I have to agree with Bob and Luis. POP is the legacy approach that most email providers grudgingly still support but it has been on the way out for awhile. I also have an ancient POP account still, but everything else we use, including my company's emails, is IMAP.
Your concern about security is understandable but maybe somewhat uninformed. POP email comes in on an email provider's servers, through the OPEN internet through myriad routers, waypoints, etc., none of which are secure. Those servers are instantly mirrored and cached across multiple locations, and are constantly being backed up as well. Those backups are retained for who knows how long. Court cases show that the emails from many years ago can be retrieved when mandated in lawsuits or criminal cases. Those servers and backups are maintained by scores of employees in multiple locations, probably many working at minimum wages. Email is not ordinarily "secure," anyone who thinks that is deluding themself. Emails can be intercepted and viewed by scores of employees working for various companies, severs, waypoints; that's how internet routing works. My company has a policy mandating that any sensitive (which is clearly delineated) material be sent via encrypted email.
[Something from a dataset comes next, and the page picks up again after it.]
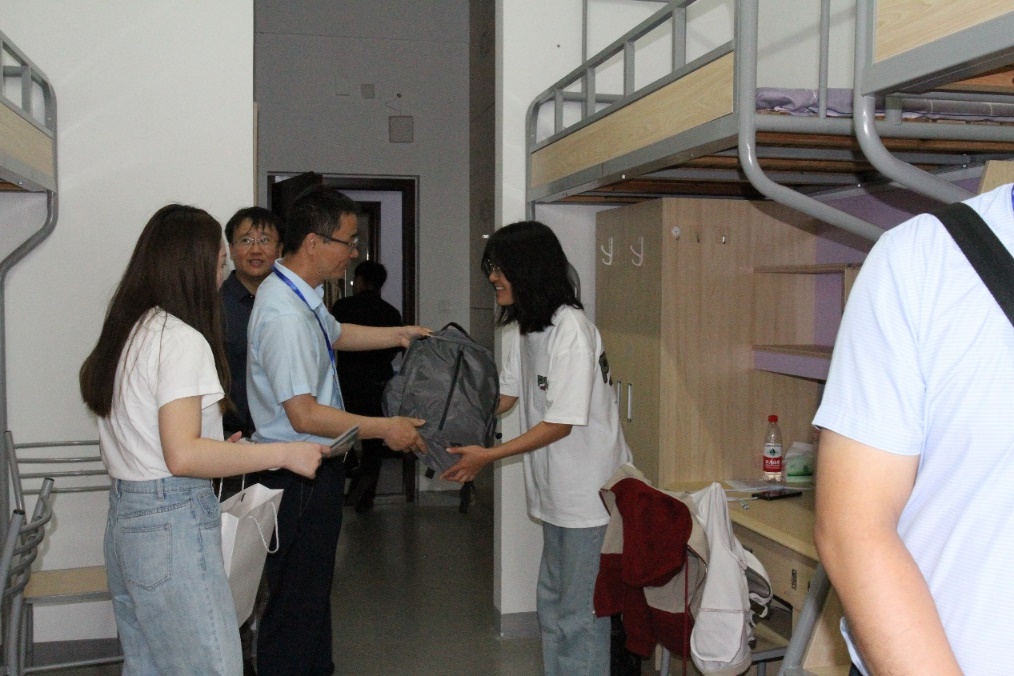 6日上午,学院领导、班导师、辅导员走进学生宿舍,为报到新生过生日,并送上生日蛋糕与祝福。针对家庭经济困难学生,学院也定制了“SEX8 爱心大礼包”,其中包含了学习及生活用品,助力新生未来的学习生活。学院领导在宿舍与学生、家长充分交流,仔细地询问了新生入学后从衣食住行的需求。新生们也对学院领导们的关怀表示感谢,表示对即将开始的大学生活充满了信心。

If you use IMAP, you don't have to worry about losing a connection to the server or not being able to see emails while on an airplane, off the internet, etc. You can configure your setup to keep a local copy of what is on the server (which is basically what POP does anyway).
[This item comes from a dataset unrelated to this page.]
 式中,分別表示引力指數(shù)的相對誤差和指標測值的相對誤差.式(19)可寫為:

If you need security, use encrypted email. Or accept that it is not secure. Or use your own servers -- archive all your POP emails up until now, going forward switch to IMAP on your own email servers. But keep in mind that while that email is traveling between your servers and your clients, those routes are through the open internet and can be intercepted and viewed by scores of people or entities. That's how the internet works.
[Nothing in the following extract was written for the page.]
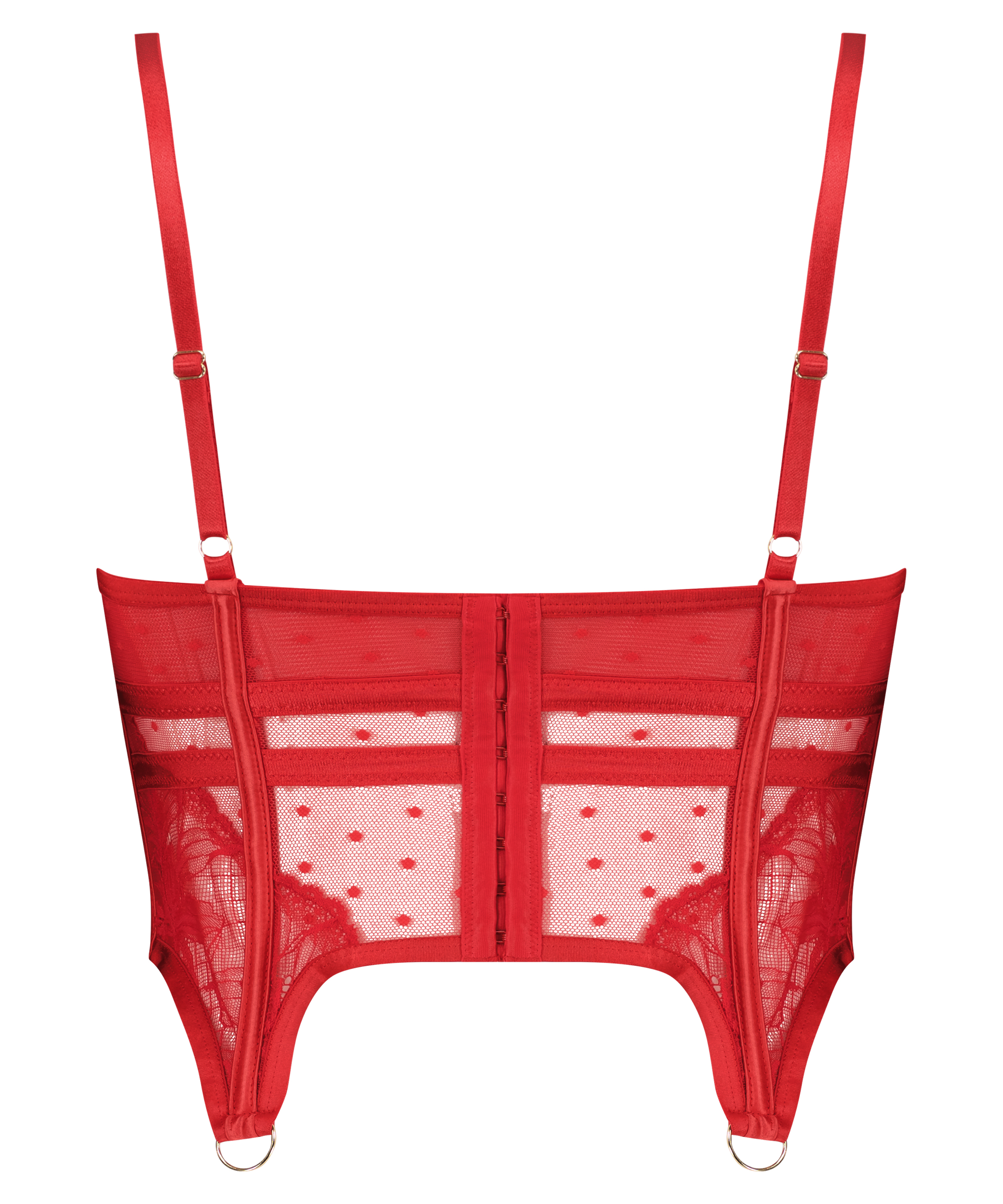 Soyez sexy dans ce magnifique bustier !Il est doté de bonnets confortables et non rembourrés, avec des découpes et des bretelles. Il garantit un très bon maintien grâce à l'ossature frontale, latérale et dorsale qui vous donnera une allure superbe. Il est entièrement en dentelle et en maille semi-transparente, et il est possible d'y attacher des bretelles de bas. Complétez l'ensemble avec la culotte assortie ! Le modèle fait partie de notre collection Private.

Yes, you can avoid the "IT maintenance job" by using an email provider, but any such email provider, unless encrypted, is not secure. You basically will get what you pay for.
Your current setup tethers you to a specific platform(s) and specific OS that can run a specific synchronization utility. That makes you vulnerable. A more modern approach is to use software that runs across multiple platforms and uses open standards that work on different hardware and under different OS. What you are doing is like driving a very old car and hoping that someone keeps its obsolete parts in stock. Which I totally understand: my wife's car is 20 years old, she likes and won't let me replace it ... but it is in the shop now, what was a routine 1-hour service turned into 3-days while we wait for a $10 part that it needs to be located and delivered.